[TASK STATEMENT]
Omit all pictures, and print word for word only the lines from the one containing "Сведения об изолированном" through the end of the data.

[INFORMATION SHOWN]

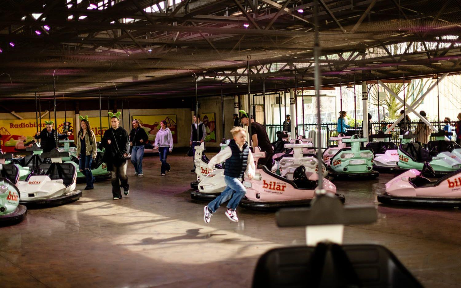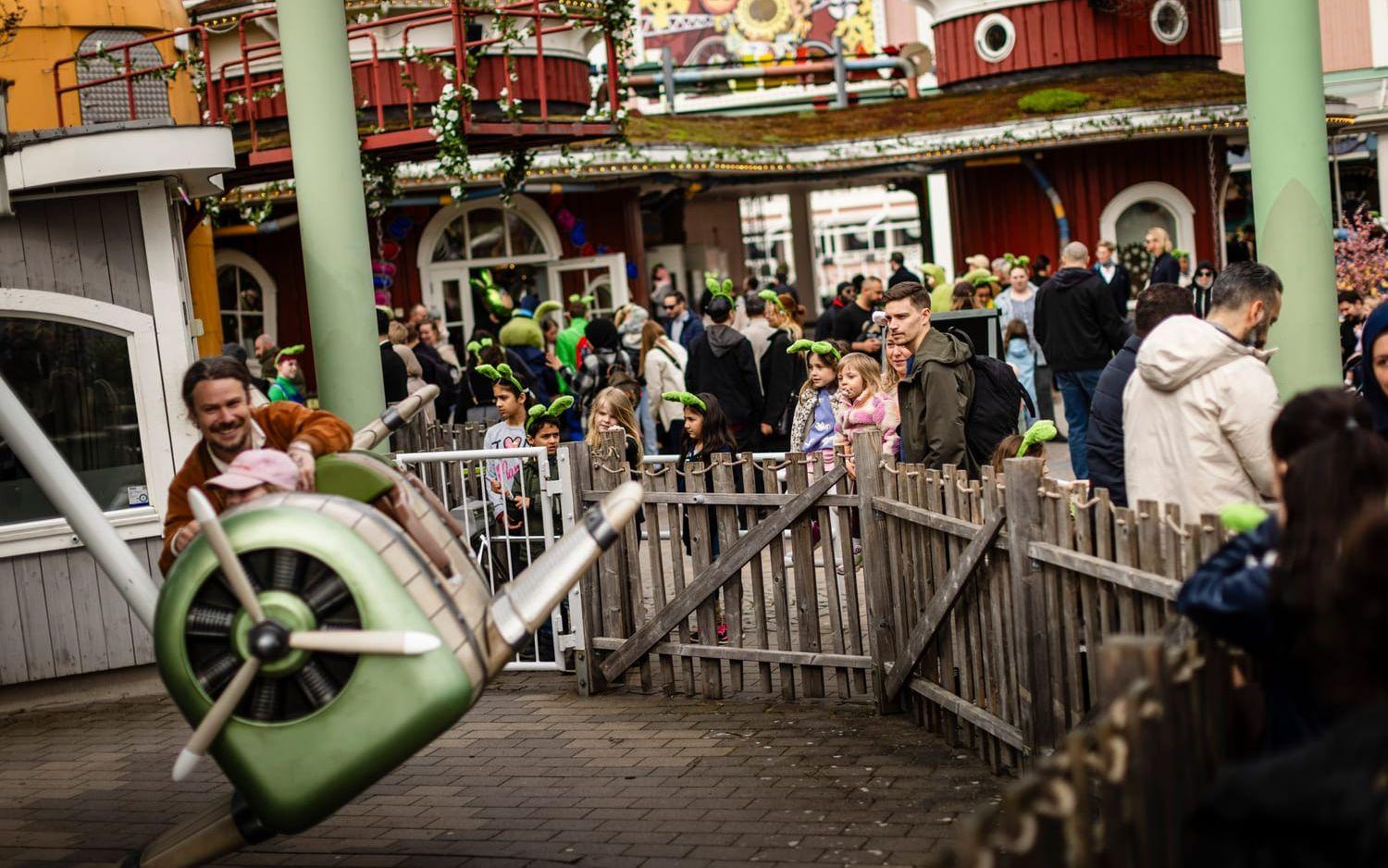 Dagen till ära välkomnas besökarna att göra entré på en intensivt rosa matta. Snart möts de också av skratt och skrik som ekar från parkens attraktioner.
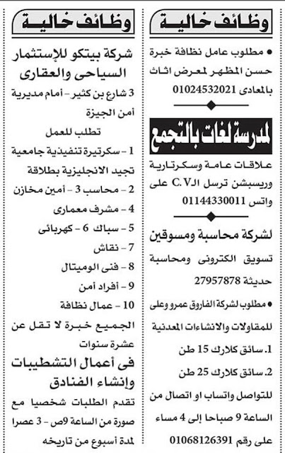 وظائف خالية منشورة بجريدة الأهرام
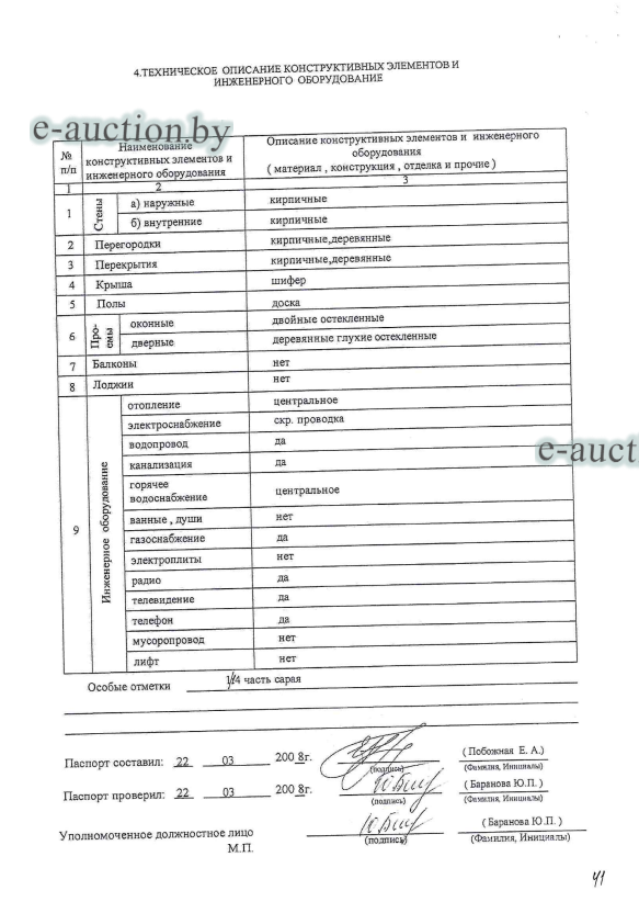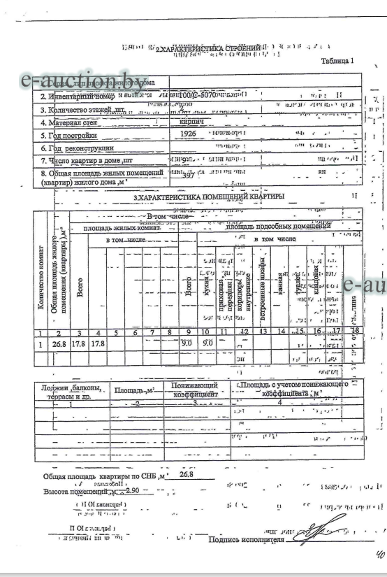 Сведения об изолированном помещении или машино-месте: Наименование: Квартира №4; Назначение: Квартира; Право собственности: 1/2 доля Гражданин Республики Беларусь; Примечания: Квартира № 4 состоит из одной жилой комнаты, кухни, 1/14 части сарая. Общая площадь жилого помещения - 26,8 м. кв. Жилая площадь - 17,8 м. кв. Общая площадь квартиры по СНБ - 26,8 кв.м. |
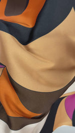 Bold retro swirl pattern in orange, brown, and pink tones. 70s-inspired fabric perfect for dresses and home decor.

[OUTPUT BELOW]
 Сведения об изолированном помещении или машино-месте: Наименование: Квартира №4; Назначение: Квартира; Право собственности: 1/2 доля Гражданин Республики Беларусь; Примечания: Квартира № 4 состоит из одной жилой комнаты, кухни, 1/14 части сарая. Общая площадь жилого помещения - 26,8 м. кв. Жилая площадь - 17,8 м. кв. Общая площадь квартиры по СНБ - 26,8 кв.м. |
 Bold retro swirl pattern in orange, brown, and pink tones. 70s-inspired fabric perfect for dresses and home decor.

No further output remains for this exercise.